Rome, Italy. Present Day. A hot brunette is having her dress altered by a red headed woman. Someone fucked up the dress, so Red tells her assistant something in Italian and the assistant runs off to do whatever Italian thing she was just told. Red grabs a handful of HotBrunette's ass as she tells her the story of O. Henry's "The Gift of the Magi," the overall message being about the foolish things people do for love. Red wants to "try something" with the dress, but she has to "pin it from underneath." Yeah, like that's not a line. Red continues her story and proceeds to run her hand up HotBrunette's thigh.

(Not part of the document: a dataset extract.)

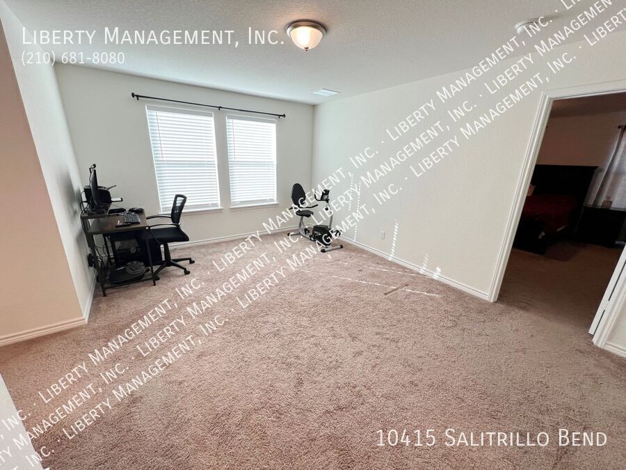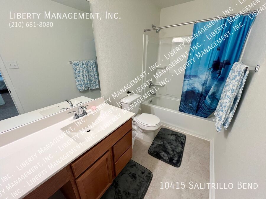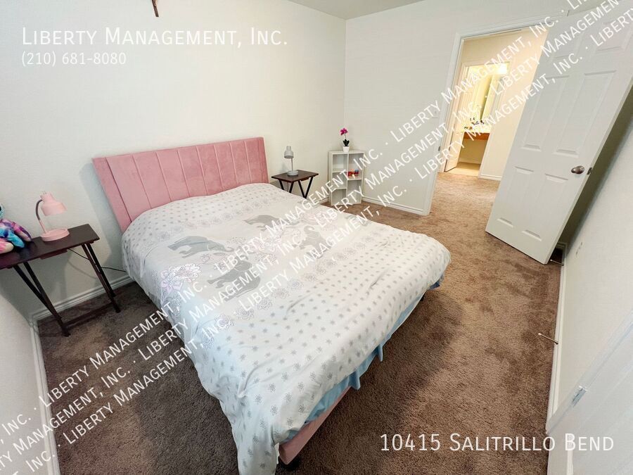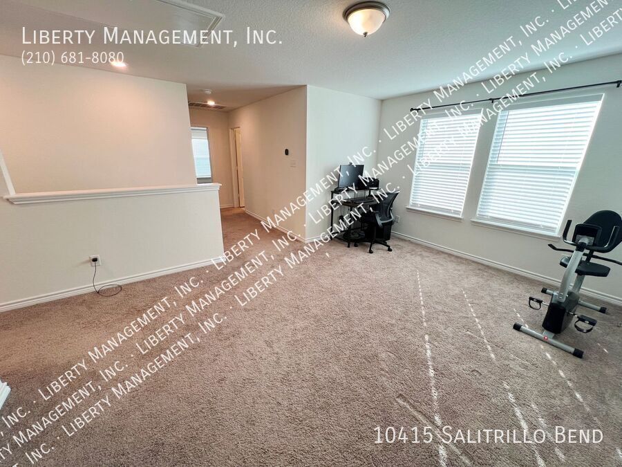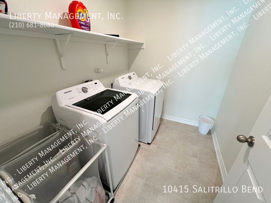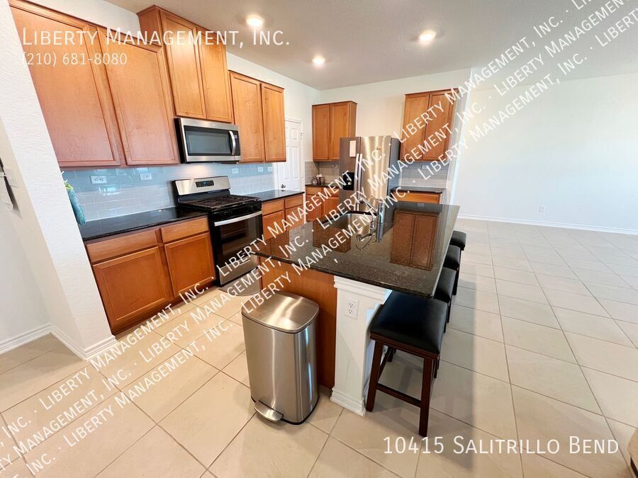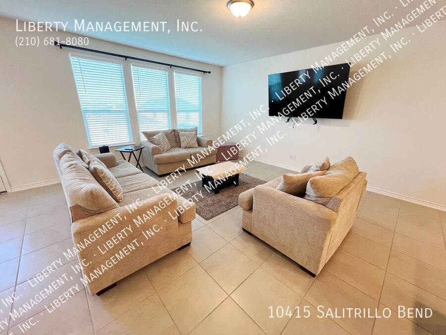 4 Bed, 2.5 Bath, 2347 sq ft Home in Willow Point. Open floor plan with all Tile floors downstairs. Kitchen with Granite counters, Gas Stove, Microwave, Fridge, Dishwasher, Breakfast Bar, Walk-in Pantry. Washer and Dryer included. Large Living Room/Dining Combo. Large Game Room and 4 Bedrooms and Utility Room Upstairs. Large Primary Bedroom with Walk-in Closet. Primary Bath with Shower/Garden Tub combo, Dual Sinks. Large Fenced Backyard. 2 Car Garage with Opener, Water Softener, Sprinkler system. Close to IH-10, 1604, Randolph AFB

This is a lot like that time Joey sent Chandler to his tailor who would "cup it and move it over" to measure the inseam. Except, HotBrunette likes it and Chandler didn't.

I'm beginning to doubt Sparkle Motion's commitment to my recaps. They haven't been returning my calls about our dance number.

ProRina's Pad. She's jammin' to some Italian rock opera. Well, I wish it was rock opera. Whatever. She's having a swell morning.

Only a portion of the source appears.